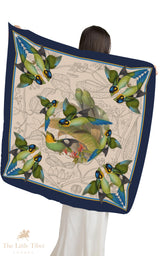 Bring the vibrancy of the Himalayas into your wardrobe with the Long-tailed Broadbill Silk Scarf – a timeless accessory inspired by one of nature’s rarest and most enchanting birds.
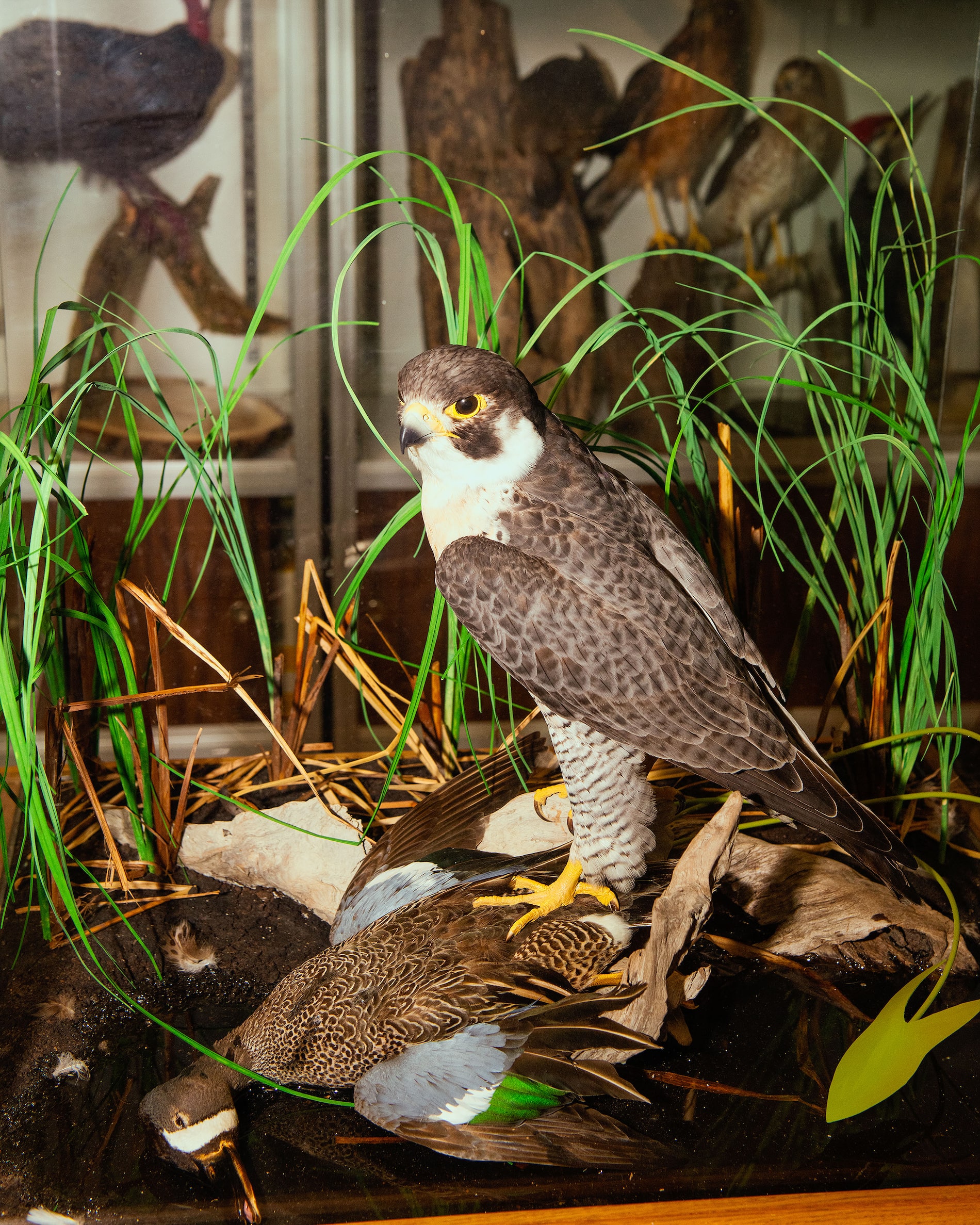 He examined the bird. “A fantastic specimen,” he said. “Likely a young mature female.” He showed me some of his award-winning mounts – a kestrel, golden eagle, great horned owl, peregrine falcon, dozens of small birds. So perfect, so lifelike. The only thing missing was a cacophony of chirps.
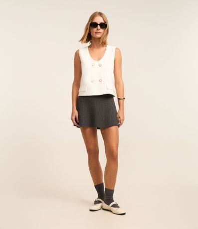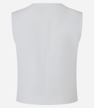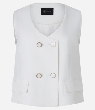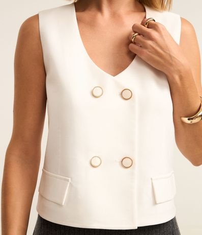 Colete de estrutura alfaiatada com decote V, botões frontais com transpasse e lapelas aplicadas que simulam bolsos.

## Directions
Without any pictures, print the whole listing again exactly as it stands.

## Solution to this problem
 Bring the vibrancy of the Himalayas into your wardrobe with the Long-tailed Broadbill Silk Scarf – a timeless accessory inspired by one of nature’s rarest and most enchanting birds.
 He examined the bird. “A fantastic specimen,” he said. “Likely a young mature female.” He showed me some of his award-winning mounts – a kestrel, golden eagle, great horned owl, peregrine falcon, dozens of small birds. So perfect, so lifelike. The only thing missing was a cacophony of chirps.
 Colete de estrutura alfaiatada com decote V, botões frontais com transpasse e lapelas aplicadas que simulam bolsos.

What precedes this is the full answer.